PROBLEM
Go line by line through the entries below and copy those containing the string "with".

DATA FOR ANALYSIS
- - - - - - -
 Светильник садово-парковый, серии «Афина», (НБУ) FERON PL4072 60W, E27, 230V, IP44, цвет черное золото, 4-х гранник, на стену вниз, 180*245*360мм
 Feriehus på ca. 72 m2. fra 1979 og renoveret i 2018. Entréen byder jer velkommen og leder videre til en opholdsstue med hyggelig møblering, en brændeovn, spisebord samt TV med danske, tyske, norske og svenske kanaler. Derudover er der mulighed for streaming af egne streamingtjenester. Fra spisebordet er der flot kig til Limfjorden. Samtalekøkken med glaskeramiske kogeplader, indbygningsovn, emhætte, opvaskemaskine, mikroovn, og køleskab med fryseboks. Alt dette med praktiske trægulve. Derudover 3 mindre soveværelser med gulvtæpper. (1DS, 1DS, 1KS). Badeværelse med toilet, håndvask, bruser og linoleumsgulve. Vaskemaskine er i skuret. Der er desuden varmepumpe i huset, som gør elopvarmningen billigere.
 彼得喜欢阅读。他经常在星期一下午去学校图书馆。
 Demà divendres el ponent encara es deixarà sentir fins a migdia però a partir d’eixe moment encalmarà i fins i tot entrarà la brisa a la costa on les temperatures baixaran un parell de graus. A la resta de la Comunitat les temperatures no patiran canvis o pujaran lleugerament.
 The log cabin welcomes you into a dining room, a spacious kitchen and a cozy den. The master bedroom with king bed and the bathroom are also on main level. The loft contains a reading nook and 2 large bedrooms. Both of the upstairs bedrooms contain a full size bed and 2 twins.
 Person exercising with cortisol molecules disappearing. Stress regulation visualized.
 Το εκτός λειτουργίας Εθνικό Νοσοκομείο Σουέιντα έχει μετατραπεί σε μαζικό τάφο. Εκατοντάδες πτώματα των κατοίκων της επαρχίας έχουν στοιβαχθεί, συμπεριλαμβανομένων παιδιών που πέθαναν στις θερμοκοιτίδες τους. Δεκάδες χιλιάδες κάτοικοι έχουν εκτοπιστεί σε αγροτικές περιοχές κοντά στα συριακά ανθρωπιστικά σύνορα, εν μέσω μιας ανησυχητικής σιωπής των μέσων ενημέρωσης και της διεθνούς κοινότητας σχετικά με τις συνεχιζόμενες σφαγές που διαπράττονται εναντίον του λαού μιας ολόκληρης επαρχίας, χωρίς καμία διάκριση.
- - - - - - -
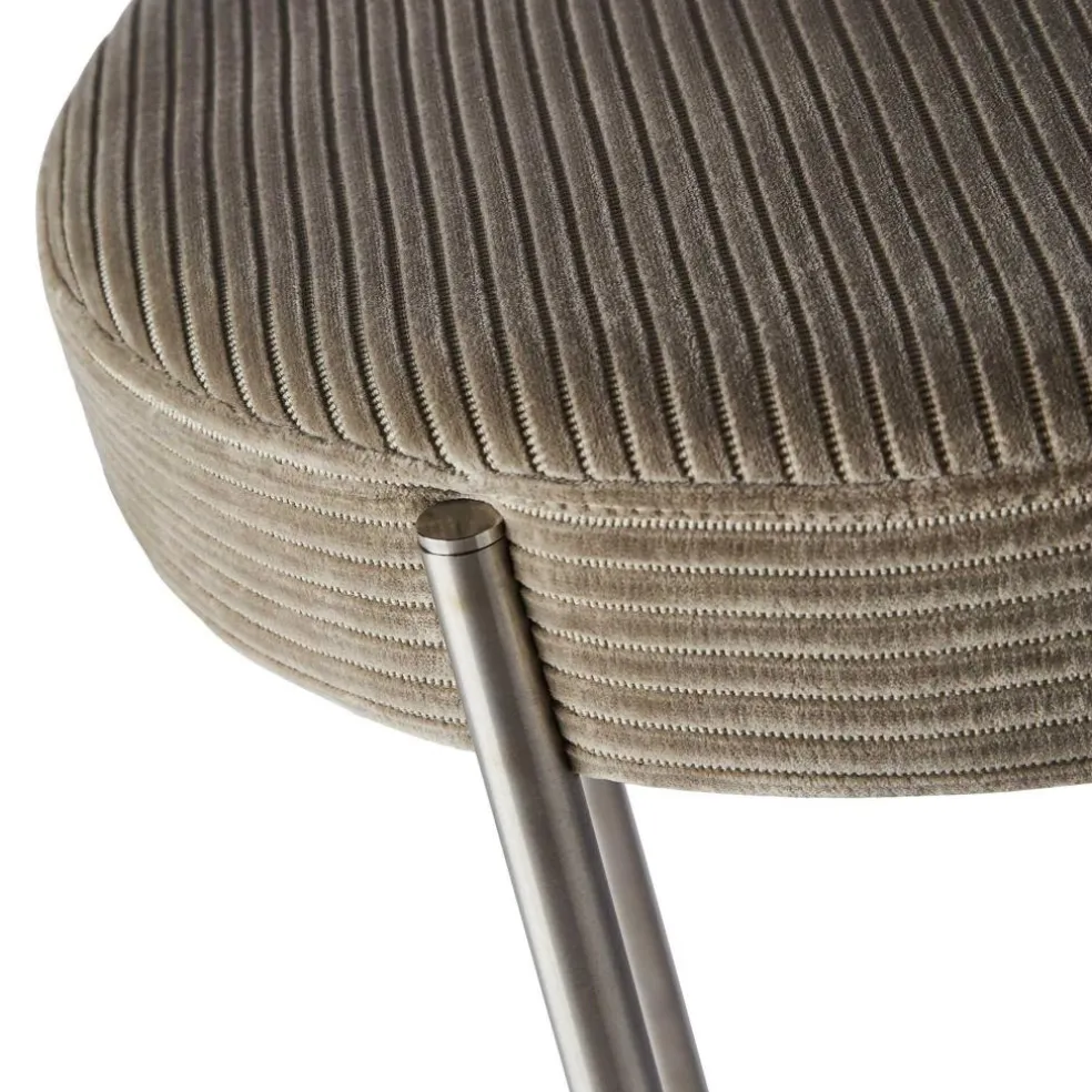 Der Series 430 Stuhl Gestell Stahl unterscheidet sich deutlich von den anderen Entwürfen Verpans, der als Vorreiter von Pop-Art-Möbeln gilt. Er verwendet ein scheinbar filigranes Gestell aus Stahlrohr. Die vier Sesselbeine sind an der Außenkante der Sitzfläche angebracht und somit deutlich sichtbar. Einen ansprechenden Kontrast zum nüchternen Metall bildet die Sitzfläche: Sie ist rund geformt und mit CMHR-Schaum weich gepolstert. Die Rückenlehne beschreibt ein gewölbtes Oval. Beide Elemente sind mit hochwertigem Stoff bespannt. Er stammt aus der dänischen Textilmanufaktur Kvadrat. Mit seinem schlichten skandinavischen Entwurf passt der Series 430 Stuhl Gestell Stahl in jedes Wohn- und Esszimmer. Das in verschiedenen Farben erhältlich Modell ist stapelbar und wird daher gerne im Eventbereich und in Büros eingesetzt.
- - - - - - -
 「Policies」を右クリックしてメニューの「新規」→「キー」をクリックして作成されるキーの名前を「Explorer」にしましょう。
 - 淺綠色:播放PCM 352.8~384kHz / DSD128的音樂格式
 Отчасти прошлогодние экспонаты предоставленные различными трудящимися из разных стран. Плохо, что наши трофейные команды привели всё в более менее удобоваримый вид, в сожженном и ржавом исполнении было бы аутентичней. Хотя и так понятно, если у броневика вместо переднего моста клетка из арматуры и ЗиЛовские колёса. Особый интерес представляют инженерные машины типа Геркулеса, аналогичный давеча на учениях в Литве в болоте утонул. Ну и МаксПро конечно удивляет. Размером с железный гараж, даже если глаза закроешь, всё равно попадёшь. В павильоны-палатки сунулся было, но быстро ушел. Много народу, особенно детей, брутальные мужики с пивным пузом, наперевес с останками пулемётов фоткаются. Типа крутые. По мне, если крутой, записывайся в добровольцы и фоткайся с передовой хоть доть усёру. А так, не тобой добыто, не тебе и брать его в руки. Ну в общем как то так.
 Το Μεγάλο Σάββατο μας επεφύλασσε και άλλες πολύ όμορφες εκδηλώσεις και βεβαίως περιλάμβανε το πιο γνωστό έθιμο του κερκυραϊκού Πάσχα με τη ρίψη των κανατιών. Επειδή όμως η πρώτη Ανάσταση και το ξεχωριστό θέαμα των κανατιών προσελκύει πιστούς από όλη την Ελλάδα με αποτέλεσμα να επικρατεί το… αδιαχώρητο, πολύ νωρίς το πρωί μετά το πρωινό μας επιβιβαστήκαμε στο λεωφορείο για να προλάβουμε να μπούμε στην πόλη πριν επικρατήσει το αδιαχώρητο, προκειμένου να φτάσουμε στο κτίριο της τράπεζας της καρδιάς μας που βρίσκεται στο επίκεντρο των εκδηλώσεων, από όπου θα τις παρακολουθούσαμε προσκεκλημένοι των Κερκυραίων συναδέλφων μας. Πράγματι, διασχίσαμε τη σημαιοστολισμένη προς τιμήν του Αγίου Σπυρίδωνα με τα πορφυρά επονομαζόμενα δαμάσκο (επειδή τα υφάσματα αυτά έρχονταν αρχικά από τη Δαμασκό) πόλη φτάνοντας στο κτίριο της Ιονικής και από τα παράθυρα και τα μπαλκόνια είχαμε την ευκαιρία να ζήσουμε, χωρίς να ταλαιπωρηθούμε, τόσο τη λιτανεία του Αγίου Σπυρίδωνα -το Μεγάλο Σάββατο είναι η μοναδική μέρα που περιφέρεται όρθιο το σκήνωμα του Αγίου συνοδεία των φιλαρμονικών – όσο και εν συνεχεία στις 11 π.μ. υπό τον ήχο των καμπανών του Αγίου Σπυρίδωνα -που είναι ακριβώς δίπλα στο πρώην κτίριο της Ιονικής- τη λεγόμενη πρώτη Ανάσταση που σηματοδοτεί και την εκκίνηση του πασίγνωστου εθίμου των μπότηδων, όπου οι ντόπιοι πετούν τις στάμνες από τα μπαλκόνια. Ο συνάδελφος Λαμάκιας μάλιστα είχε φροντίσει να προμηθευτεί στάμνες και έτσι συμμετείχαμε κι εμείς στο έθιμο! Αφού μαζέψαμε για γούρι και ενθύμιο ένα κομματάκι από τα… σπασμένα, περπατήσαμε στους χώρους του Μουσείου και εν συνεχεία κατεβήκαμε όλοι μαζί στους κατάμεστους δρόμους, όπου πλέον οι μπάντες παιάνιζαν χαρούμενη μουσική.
- - - - - - -
REPLY TO THE TASK
 The log cabin welcomes you into a dining room, a spacious kitchen and a cozy den. The master bedroom with king bed and the bathroom are also on main level. The loft contains a reading nook and 2 large bedrooms. Both of the upstairs bedrooms contain a full size bed and 2 twins.
 Person exercising with cortisol molecules disappearing. Stress regulation visualized.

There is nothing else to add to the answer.